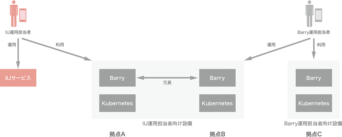 それぞれの拠点では独立したKubernetesクラスタが稼働しており、BarryはKubernetes上で動作しています。Kubernetesの機能を活用する構成により、Barryの運用はハードウェアなどの故障を意識する必要がなくなりました。
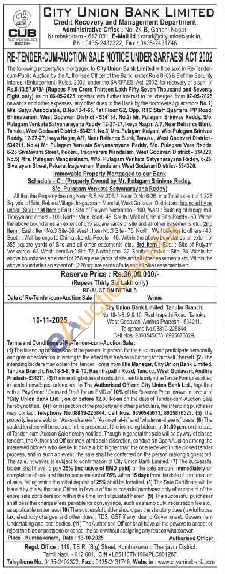 All that the Property bearing Near R.S.No.206/1, Near D No.6-26, in a Total extent of 1.228 Sq yds. of Site, Pekeru Village, Iragavaram Mandal, West Godavari District and bounded by as under (Site): 1st Item: East: Site of Pujyam Venkatrao 100, West: Building of Indugumilli Tartayya and others-109, North: Main Road-48, South Wall of Chinta Bapi Reddy-50. Within the above boundaries an extent of 615 square yards of site and all other easements etc. 2nd Item: East: Item No.3 Site-66, West: Item No.3 Site-73, North: Wall bellongs to others-46, South Wall belongs to Chimalakonda People-46. Within the above boundaries an extent of 356 square yards of Site and all other easements etc., 3rd Item: East: Site of Pujyam Venkatrao-68, West: Item No.2 Site-72, North Lane-32, South: Item No.1 Site-30. Within the above boundaries an extent of 258 square yards of site and all other easements etc. Within the above boundaries an extent of 1,228 square yards of site and all other easements etc
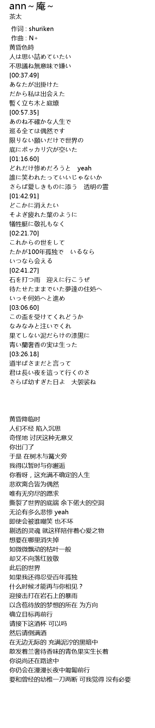 | [00:00.000] | 作词 : shuriken |

(ACTIVITY)
Please restate the data word for word, leaving out any picture it holds.

(ANSWER TO THIS EXERCISE)
 それぞれの拠点では独立したKubernetesクラスタが稼働しており、BarryはKubernetes上で動作しています。Kubernetesの機能を活用する構成により、Barryの運用はハードウェアなどの故障を意識する必要がなくなりました。
 All that the Property bearing Near R.S.No.206/1, Near D No.6-26, in a Total extent of 1.228 Sq yds. of Site, Pekeru Village, Iragavaram Mandal, West Godavari District and bounded by as under (Site): 1st Item: East: Site of Pujyam Venkatrao 100, West: Building of Indugumilli Tartayya and others-109, North: Main Road-48, South Wall of Chinta Bapi Reddy-50. Within the above boundaries an extent of 615 square yards of site and all other easements etc. 2nd Item: East: Item No.3 Site-66, West: Item No.3 Site-73, North: Wall bellongs to others-46, South Wall belongs to Chimalakonda People-46. Within the above boundaries an extent of 356 square yards of Site and all other easements etc., 3rd Item: East: Site of Pujyam Venkatrao-68, West: Item No.2 Site-72, North Lane-32, South: Item No.1 Site-30. Within the above boundaries an extent of 258 square yards of site and all other easements etc. Within the above boundaries an extent of 1,228 square yards of site and all other easements etc
 | [00:00.000] | 作词 : shuriken |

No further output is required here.